Should the court determine that “Hemp Benchmarks” is unlikely to be perceived by the consumer as a unique identifier of the source of the services and more indicative of the type of services provided then the court will make a determination that the mark is highly descriptive and perhaps, has not acquired a secondary meaning. Further, the fact that both parties are using identical marks in identical fields to identify identical services – data on a specific commodity – is not evidence in support of New Leaf Data Services’ position. In light of these two factors, New Leaf Data Services burden of proof is raised that much higher, and their position will be that much more difficult to prevail in court.
Further, evidence of acquired distinctiveness may be presented in the form of the length of time the mark has been in use. TMEP §§1212.05–1212.05(d)) states, evidence of acquired distinctiveness may be in the form of “[a] verified statement that the mark has become distinctive of the applicant’s goods or services by reason of the applicant's substantially exclusive and continuous use of the mark in commerce for the five years before the date on which the claim of distinctiveness is made.” The question becomes when exactly did New Leaf Data Services begin using the mark “Hemp Benchmarks?”
Per New Leaf Data Services’ USPTO Supplemental Registry their first use of the mark in commerce is as early as February 29, 2016 but, in their complaint, they identify PanXchange’ s use of the mark in commerce less than five years later – December 23rd, 2019. By New Leaf Data Services own admission, they have not been using the mark exclusively in commerce for five years; thus, taking this form of acquired distinctiveness evidence off the table.

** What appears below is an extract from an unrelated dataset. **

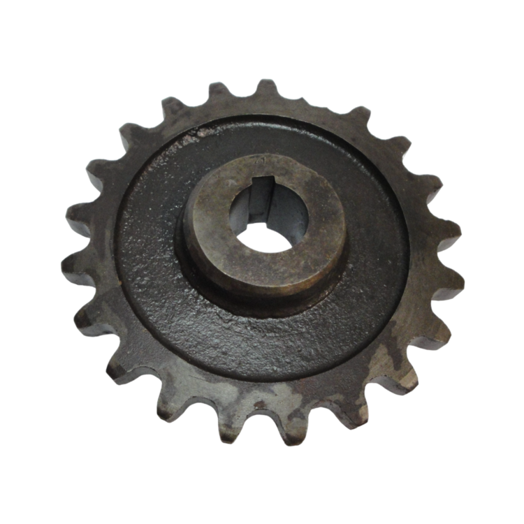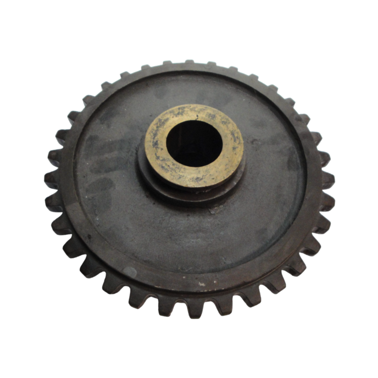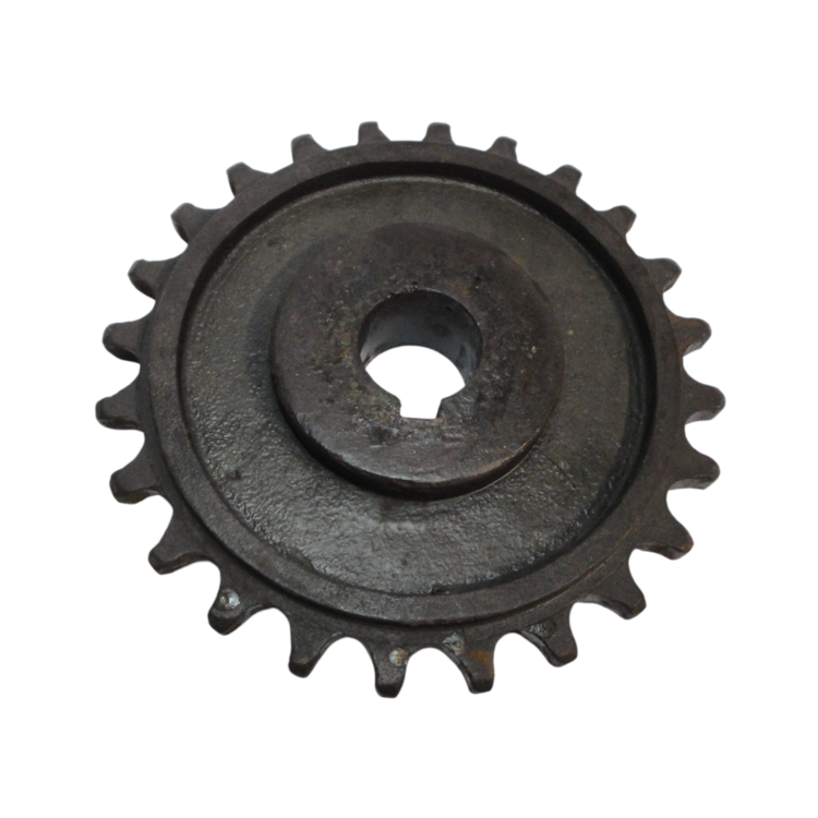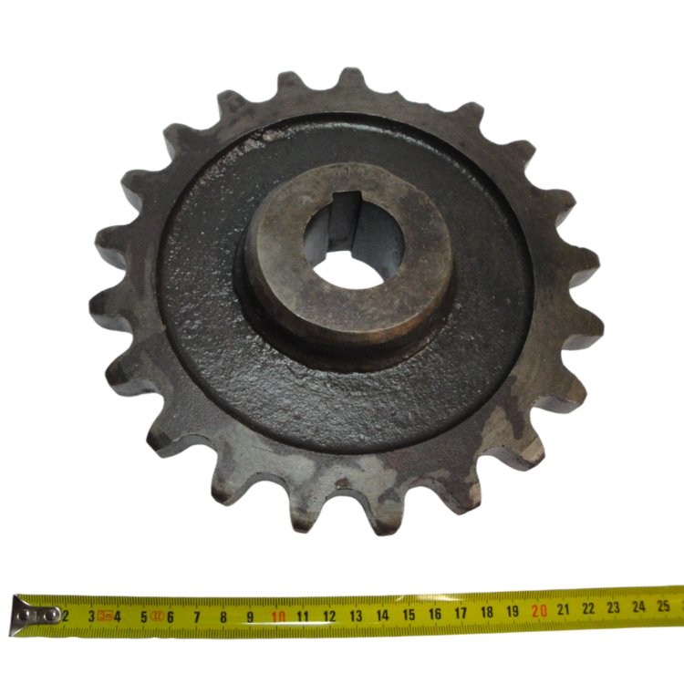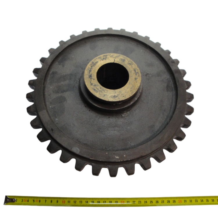 Set van twee grote metalen kettingwielen en een tandwiel. Datering: onbekend. Conditie: prima. Afmetingen: ca. ø31,0 x 13,0 cm en ø22.0 x 5.0 cm. Afmetingen tandwiel: ø28,0 x 4,5 cm.

This leaves New Leaf Data Services in the difficult position as to what evidence they can present of acquired distinctiveness for the mark “Hemp Benchmarks.” Their burden of proof is already extremely high as the mark is only registered on the Supplemental Registry as a descriptive mark. They will face a significant hurdle should the court find the mark is “highly descriptive” and thus
elevate their burden of proof that the mark has secondary meaning. They have not demonstrated that they have used the mark exclusively in commerce for a minimum of five years; thus, eliminating this statutory method of favorable evidence. New Leaf Data Services’ best chances of success rest on whether they can present evidence in the form of substantial surveys demonstrating a significant number of consumers actually associated “Hemp Benchmarks” as a source identifier definitively linking New Leaf Data Services with the hemp commodity data to the exclusion of other potential sources; i.e., PanXchange, that may be using
the same mark.
Needless to say, the entire cannabis industry is closely watching this fight as it represents a milestone in the evolution of the industry and will serve as a guidepost for future cannabis trademark battles. May the best legal position win.